The subgroup property of being a Sylow subgroup is stronger than, or implies, the subgroup property of being an order-dominating subgroup: for any subgroup whose order divides the order of the Sylow subgroup, some conjugate of that subgroup is contained in the given Sylow subgroup.

### Statement with symbols

Suppose $G$ is a finite group and $p$ is a prime number. Then, if $P$ is a $p$-Sylow subgroup and $Q$ is a $p$-subgroup of $G$, there exists $g \in G$ such that $g^{-1}Qg \le P$.

This statement is a part of Sylow's theorem.

## Proof

### Proof using coset spaces

Given: $G$ a finite group, $P$ a $p$-Sylow subgroup, and $Q$ a $p$-group. Suppose $n=p^rm$ where $n$ is the order of $G$ and $m$ is relatively prime to $p$ (So, $|P| = p^r$.

To prove: There exists $g \in G$ such that $g^{-1}Qg \le P$.

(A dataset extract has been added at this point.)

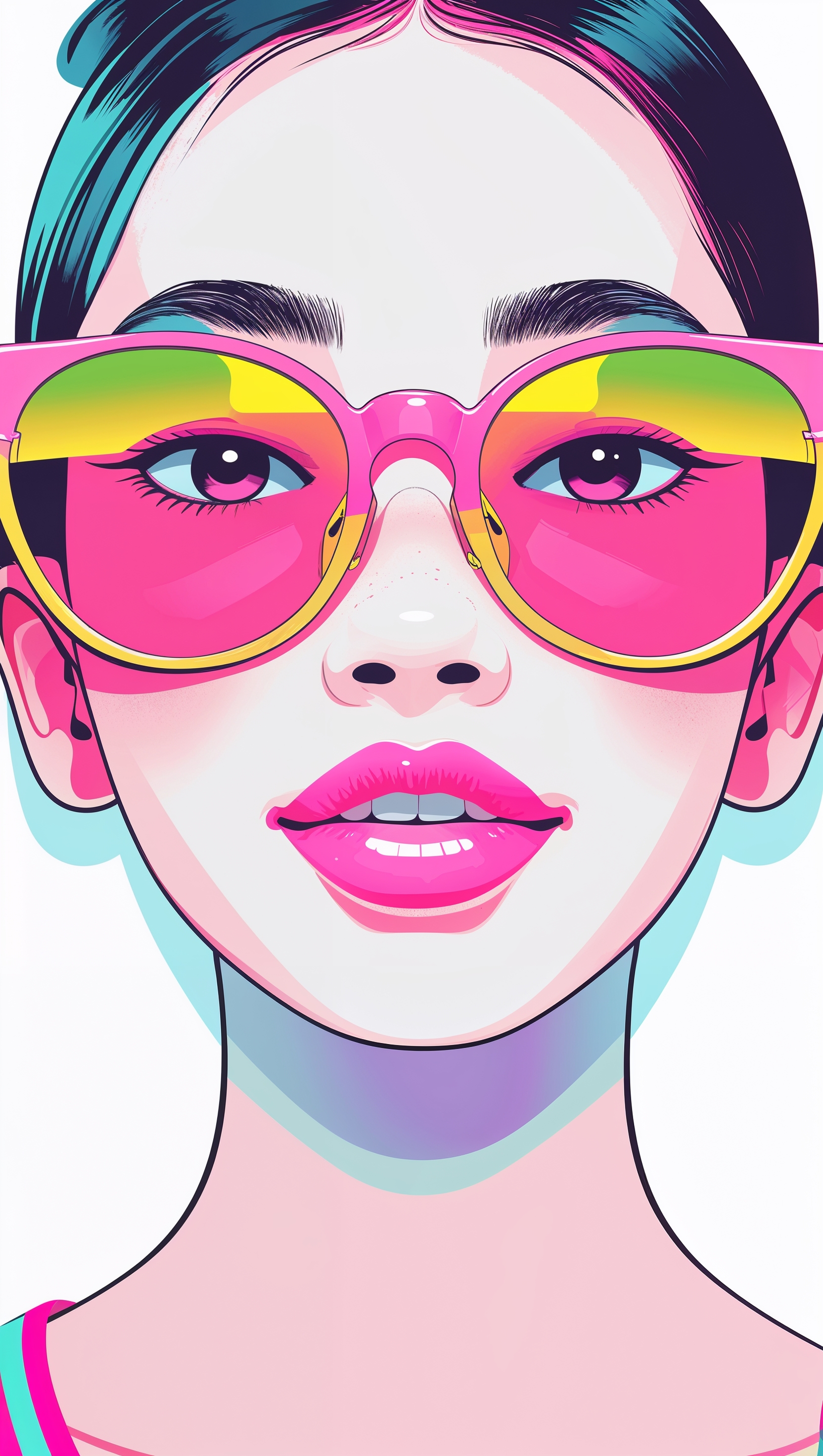 Flat digital illustration of girl with oversized sunglasses and pink lips 1664x2944 Flat digital illustration of girl with oversized sunglasses and pink lips

Proof: We prove this through a series of observations:

• $G$ naturally acts (on the left) on the left coset space of $P$.
• Since $Q$ is a subgroup of $G$, $Q$ also acts on the left coset space of $P$
• The left coset space of $P$ has cardinality $m$, which is relatively prime to $p$. Hence, under the action of $Q$ (which is a $p$-group) on this set, there is at least one fixed point. Let the fixed point be $gP$.
• We have $QgP = gP$. This gives us: $(g^{-1}Qg)P = P$, and hence $g^{-1}Qg \subseteq P$. Thus, a conjugate of $Q$ is contained inside $P$.